--- Task directions ---
As an exercise, transcribe the data below in full and exactly, omitting pictures.

--- Given data ---
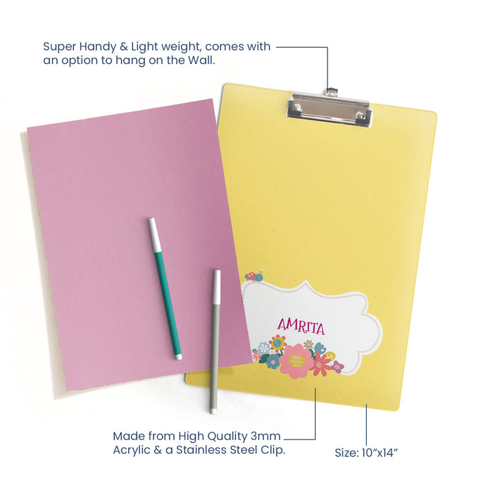 You may not realise it, but a clipboard is an irreplaceable part of school and is useful during exams, classes, drawing and other activities. So how amazing would it be to give your kid a custom clipboard of their favourite colour with personalised printed names and designs! They can carry this easy-to-store and premium quality online clipboard to school with pride. Made from high-quality 3mm acrylic, it is lightweight, comes with a stainless steel clip and can be hung on the wall. Personalize a themed clipboard with your child’s name, initials or any other text. Kids will enjoy carrying it around school/classes for homework & more. Customize this kid’s clipboard with a name for the perfect gift for birthday parties, back-to-school supplies & more.
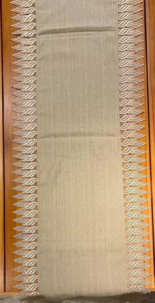 01 TRILHO DE MESA CONFECCIONADO EM LINHÃO RÚSTICO NA COR AREIA COM RENDA GUIPURE
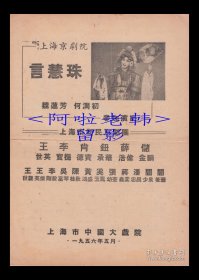 言慧珠/何润初/魏莲芳/李宝櫆/薛浩伟主演 上海京剧院/上海市新民京剧团戏单:《四杰村/文昭关/得意缘/打鼓骂曹/生死恨/嘉兴府/西施》【中国大戏院 16开4页】(20)

--- Answer box ---
 You may not realise it, but a clipboard is an irreplaceable part of school and is useful during exams, classes, drawing and other activities. So how amazing would it be to give your kid a custom clipboard of their favourite colour with personalised printed names and designs! They can carry this easy-to-store and premium quality online clipboard to school with pride. Made from high-quality 3mm acrylic, it is lightweight, comes with a stainless steel clip and can be hung on the wall. Personalize a themed clipboard with your child’s name, initials or any other text. Kids will enjoy carrying it around school/classes for homework & more. Customize this kid’s clipboard with a name for the perfect gift for birthday parties, back-to-school supplies & more.
 01 TRILHO DE MESA CONFECCIONADO EM LINHÃO RÚSTICO NA COR AREIA COM RENDA GUIPURE
 言慧珠/何润初/魏莲芳/李宝櫆/薛浩伟主演 上海京剧院/上海市新民京剧团戏单:《四杰村/文昭关/得意缘/打鼓骂曹/生死恨/嘉兴府/西施》【中国大戏院 16开4页】(20)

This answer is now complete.